(Data records Opens)
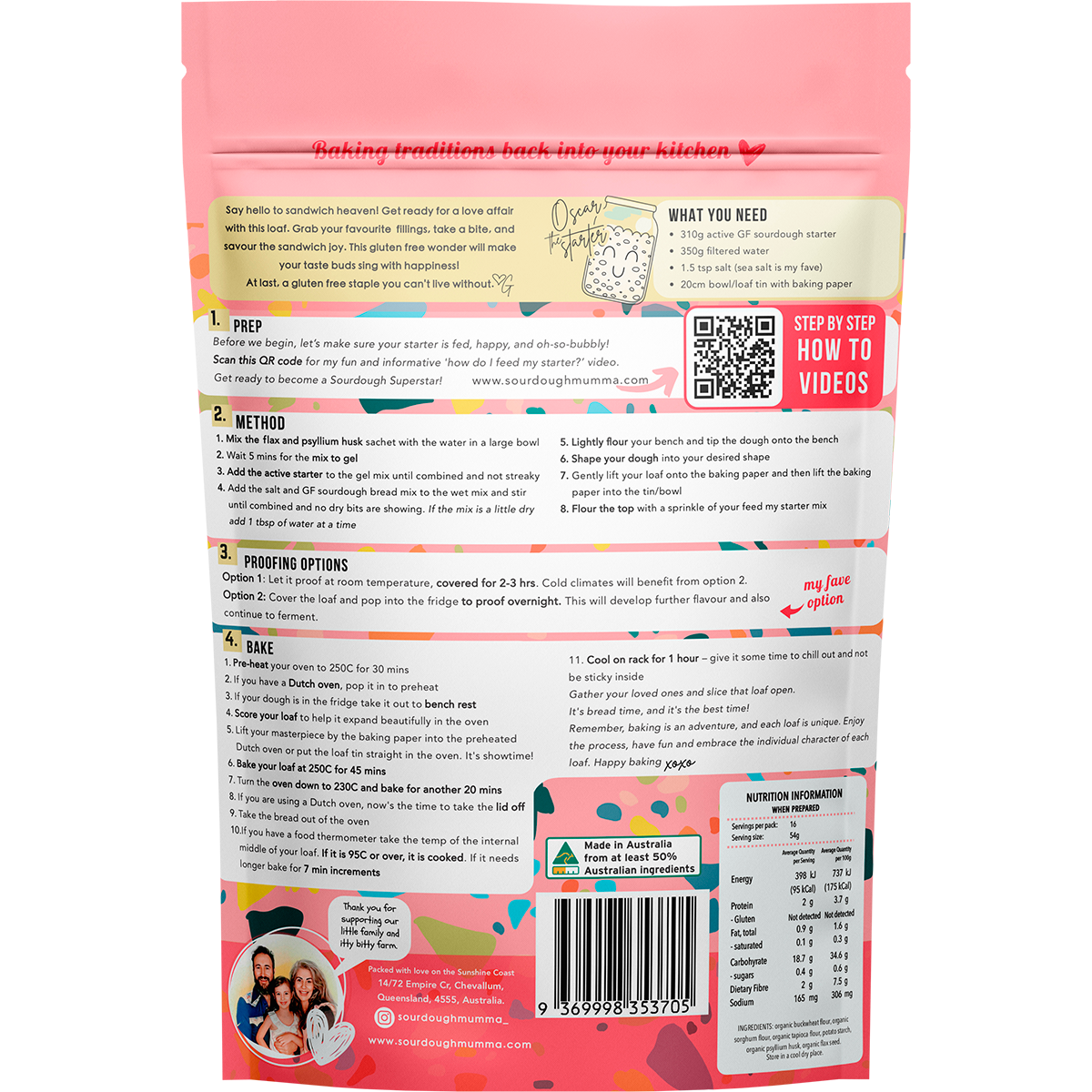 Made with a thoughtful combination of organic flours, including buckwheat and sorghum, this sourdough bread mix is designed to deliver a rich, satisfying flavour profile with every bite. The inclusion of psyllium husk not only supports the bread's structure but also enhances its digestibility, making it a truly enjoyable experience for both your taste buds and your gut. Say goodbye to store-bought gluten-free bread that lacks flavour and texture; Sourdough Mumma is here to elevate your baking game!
(Data records Closes)
(Data records Opens)
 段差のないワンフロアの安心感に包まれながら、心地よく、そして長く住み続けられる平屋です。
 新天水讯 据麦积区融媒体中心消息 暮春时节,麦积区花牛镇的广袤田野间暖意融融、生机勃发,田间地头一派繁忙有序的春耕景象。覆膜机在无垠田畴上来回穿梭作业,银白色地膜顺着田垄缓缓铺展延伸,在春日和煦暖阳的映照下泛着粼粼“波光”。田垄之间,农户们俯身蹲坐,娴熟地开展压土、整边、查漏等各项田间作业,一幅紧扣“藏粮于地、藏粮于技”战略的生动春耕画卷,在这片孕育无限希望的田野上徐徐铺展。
(Data records Closes)
(Data records Opens)
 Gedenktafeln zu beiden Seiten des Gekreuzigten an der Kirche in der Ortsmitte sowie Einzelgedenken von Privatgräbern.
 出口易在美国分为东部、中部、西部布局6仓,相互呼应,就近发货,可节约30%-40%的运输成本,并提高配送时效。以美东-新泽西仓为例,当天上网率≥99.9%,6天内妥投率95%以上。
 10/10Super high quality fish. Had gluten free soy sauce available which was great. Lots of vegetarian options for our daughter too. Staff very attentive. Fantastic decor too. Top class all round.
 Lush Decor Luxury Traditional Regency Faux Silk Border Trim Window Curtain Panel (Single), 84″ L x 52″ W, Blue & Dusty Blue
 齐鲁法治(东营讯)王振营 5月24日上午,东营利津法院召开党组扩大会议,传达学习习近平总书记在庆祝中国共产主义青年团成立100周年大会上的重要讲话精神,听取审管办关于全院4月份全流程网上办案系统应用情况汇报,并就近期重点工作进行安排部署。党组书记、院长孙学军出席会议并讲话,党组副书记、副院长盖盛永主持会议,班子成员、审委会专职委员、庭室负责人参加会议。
(Data records Closes)
### Task requirements:
Given the records above, restate word for word only the lines starting at the one with "10/10Super high quality" and ending at the one with "齐鲁法治(东营讯)王振营 5".

### Solution to this task:
 10/10Super high quality fish. Had gluten free soy sauce available which was great. Lots of vegetarian options for our daughter too. Staff very attentive. Fantastic decor too. Top class all round.
 Lush Decor Luxury Traditional Regency Faux Silk Border Trim Window Curtain Panel (Single), 84″ L x 52″ W, Blue & Dusty Blue
 齐鲁法治(东营讯)王振营 5月24日上午,东营利津法院召开党组扩大会议,传达学习习近平总书记在庆祝中国共产主义青年团成立100周年大会上的重要讲话精神,听取审管办关于全院4月份全流程网上办案系统应用情况汇报,并就近期重点工作进行安排部署。党组书记、院长孙学军出席会议并讲话,党组副书记、副院长盖盛永主持会议,班子成员、审委会专职委员、庭室负责人参加会议。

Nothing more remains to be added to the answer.